Abstract
IT is fortunate that in the twentieth century, science and philosophy are beginning to be united in the same person as they were in the seventeenth century before their fatal divorce occurred. Prof. Whitehead's latest book cries out to be read and re-read and meditated upon (and to that end if possible possessed) by every man of science who is not content to live merely in his own special‘; groove of routine ’ and is concerned in the trend and tendency of science as a whole; and by every philosopher who desires, as he must, to keep himself in contact with the thoughts of science. It is a work not only of the first importance but also of great beauty. Apart from the vivid writing, the reader's delight arises from two sources: in the first place, from the rapid characterisation of the various epochs into which Prof. Whitehead divides the history of modern scientific thought; and secondly, from his method of pointing out in each epoch just how the central thought of the epoch bears, in the way of contribution or of defect, upon the central thought of the present as the author conceives it.
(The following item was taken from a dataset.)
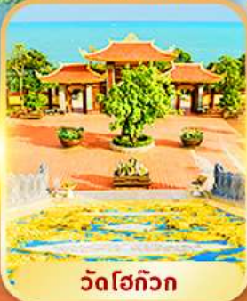
วัดโฮก๊วก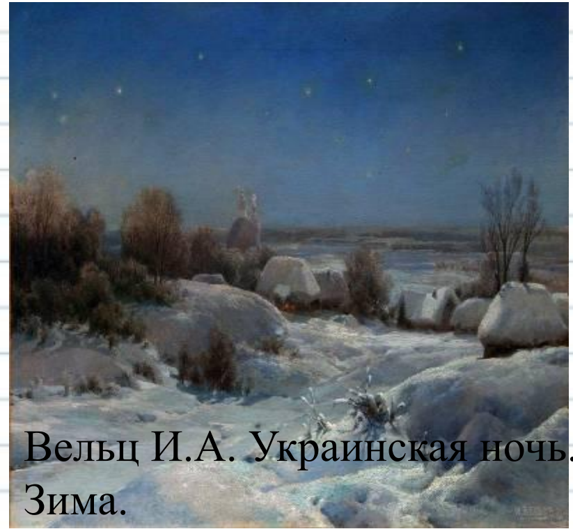
Вельц И.А. Украинская ночь. Зима.

The poet prefiguring him wrote: ‘ and as he works, the industrious bee computes his time as well as we.’ One result of this procedure is that while the bulk of each historical chapter is simple and luminous reading, each chapter contains a few pages which demand the closest attention, but work with cumulative preparation towards the dramatic outcome.
Science and the Modern World: Lowell Lectures, 1925.
By Prof. Alfred North Whitehead. Pp. xi + 296. (Cambridge: At the University Press, 1926.) 12s. 6d. net.